Figure 3 shows the prognostic value of GPx3 mRNA expression in www.kmplot.com. The desired Affymetrix ID is valid: 201348_at (GPx3). High expression of GPx3 mRNA correlated with better OS for all NSCLC patients (HR 0.76 [95% CI 0.67–0.86]; p=2e-05; Figure 3A). However, high expression of GPx3 mRNA was not significantly correlated with better OS in ADE patients (HR 0.85 [95% CI 0.67–1.07]; p=0.16; Figure 3B) and SCC patients (HR 0.87 [95% CI 0.69–1.11]; p=0.27; Figure 3C).

Figure 3 The prognostic value of GPx3 expression according to the database of Kaplan–Meier plotter.

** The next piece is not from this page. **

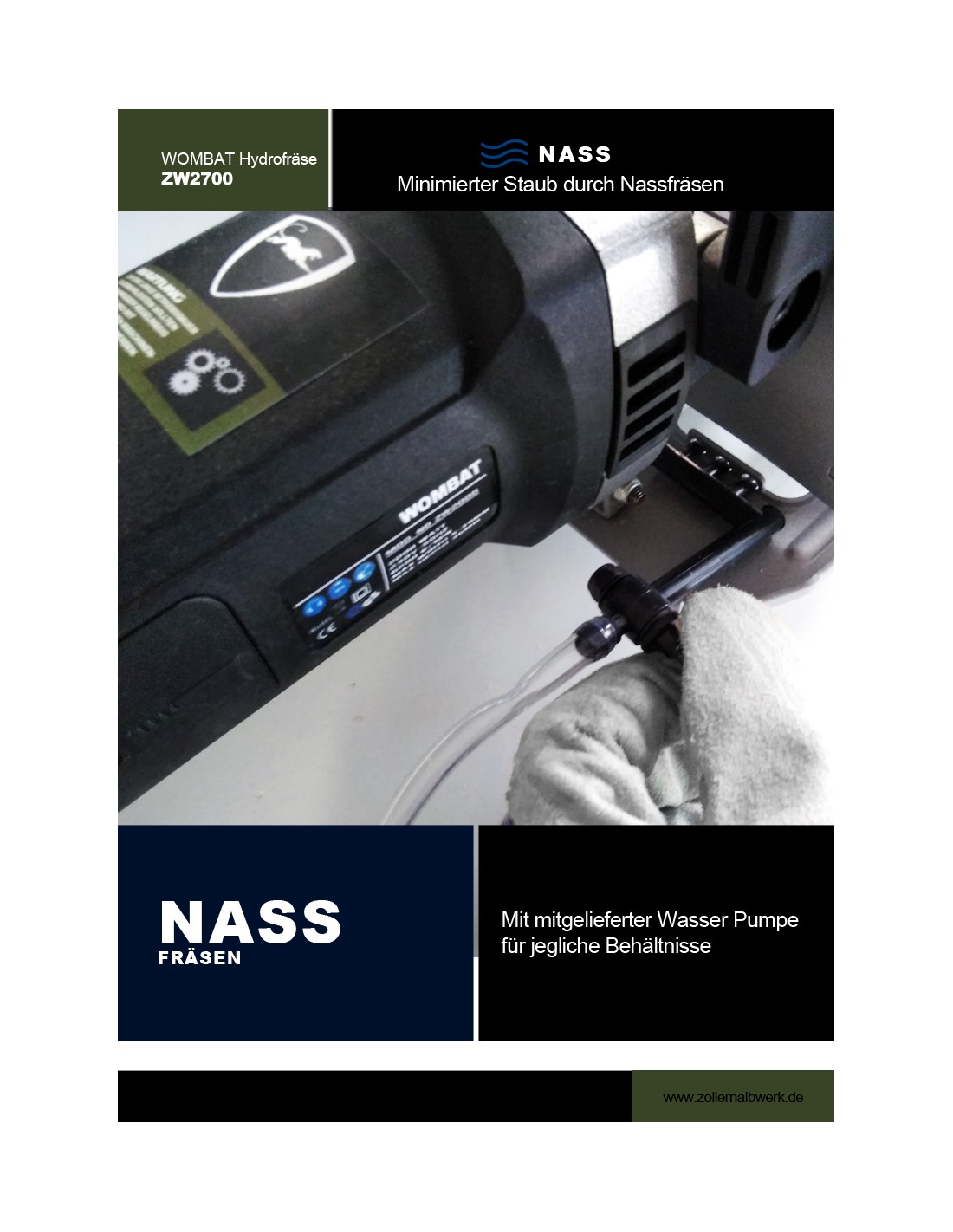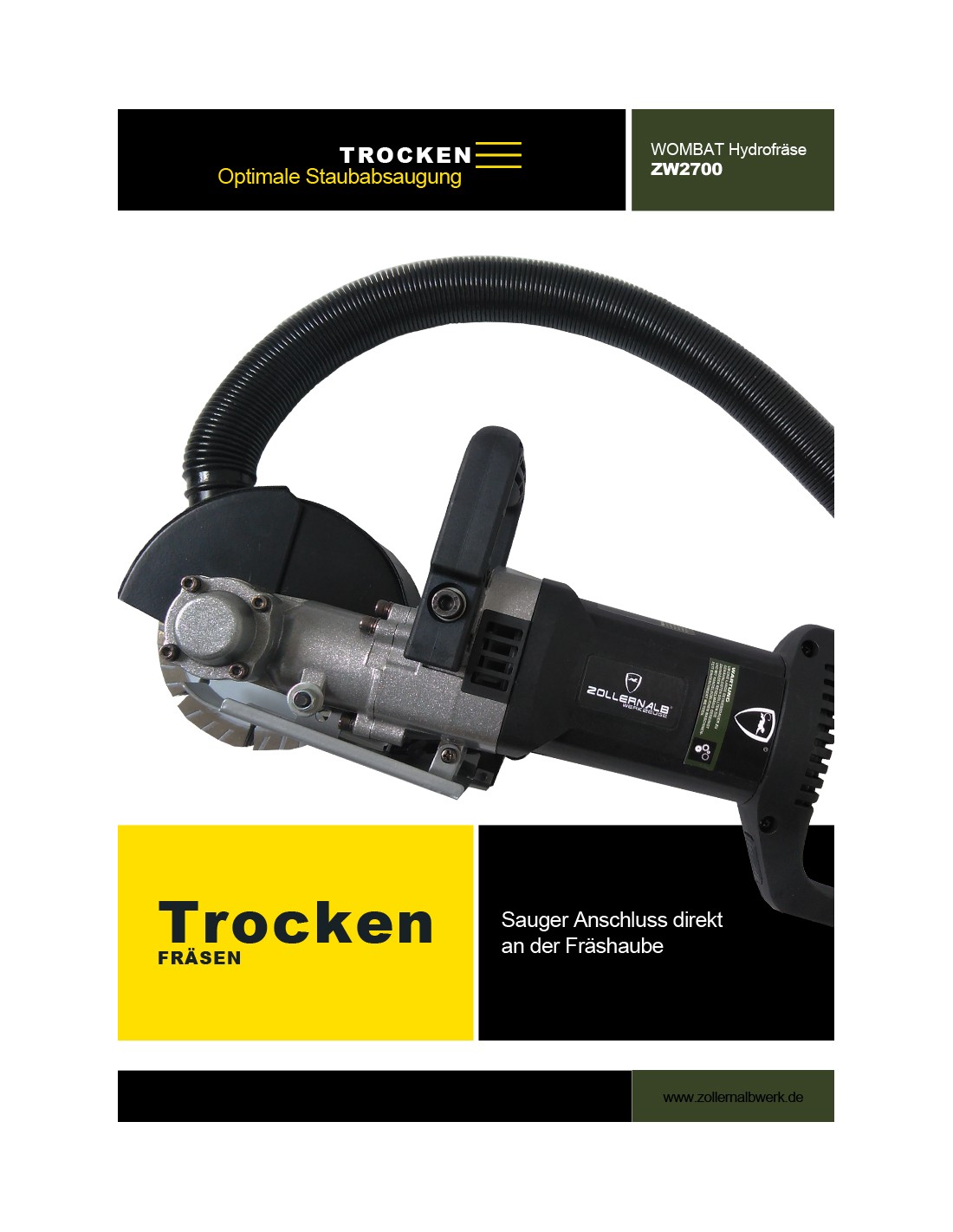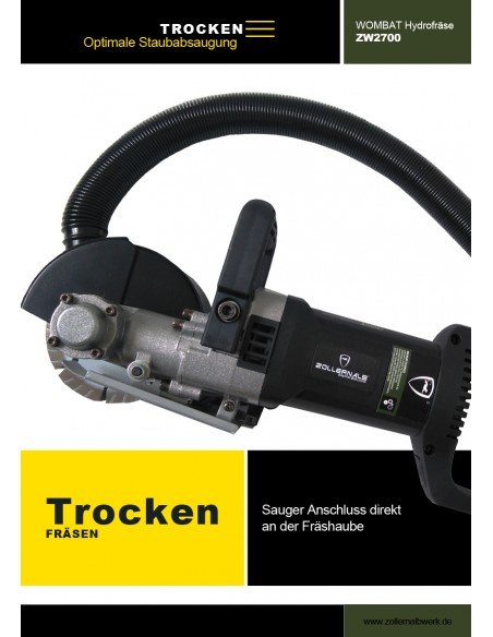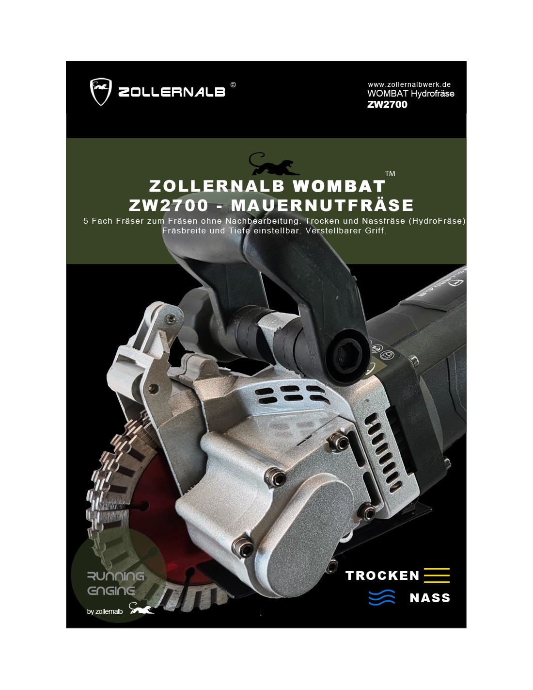 Zollernalb WOMBAT ZW2700 veggjager, også kjent som veggjager eller veggspalter, er et spesialverktøy som brukes til å lage skjøter for rør eller kabler i mur som kalkstein, gipsblokker, Ytong eller porebetong, murverk og murstein

Notes: The desired Affymetrix IDs is valid: 201348_at (GPx3). (A) Survival curves are plotted for all patients (n=1,926). (B) Survival curves are plotted for adenocarcinoma (n=720). (C) Survival curves are plotted for squamous cell carcinoma (n=524). Probability: overall survival.

Figure 4 shows the prognostic value of GPx4 mRNA expression in www.kmplot.com. The desired Affymetrix ID is valid: 201106_at (GPx4). The curves show that high expression of GPx4 mRNA above or below the median do not separate the cases into signiﬁcantly different prognostic groups among all NSCLC patients (HR 0.97 [95% CI 0.85–1.1]; p=0.63; Figure 4A). However, high expression of GPx4 mRNA was significantly correlated with worse OS in ADE patients (HR 1.3 [95% CI 1.03–1.65]; p=0.029; Figure 2B), but not in SCC patients (HR 0.98 [95% CI 0.78–1.25]; p=0.9; Figure 4C).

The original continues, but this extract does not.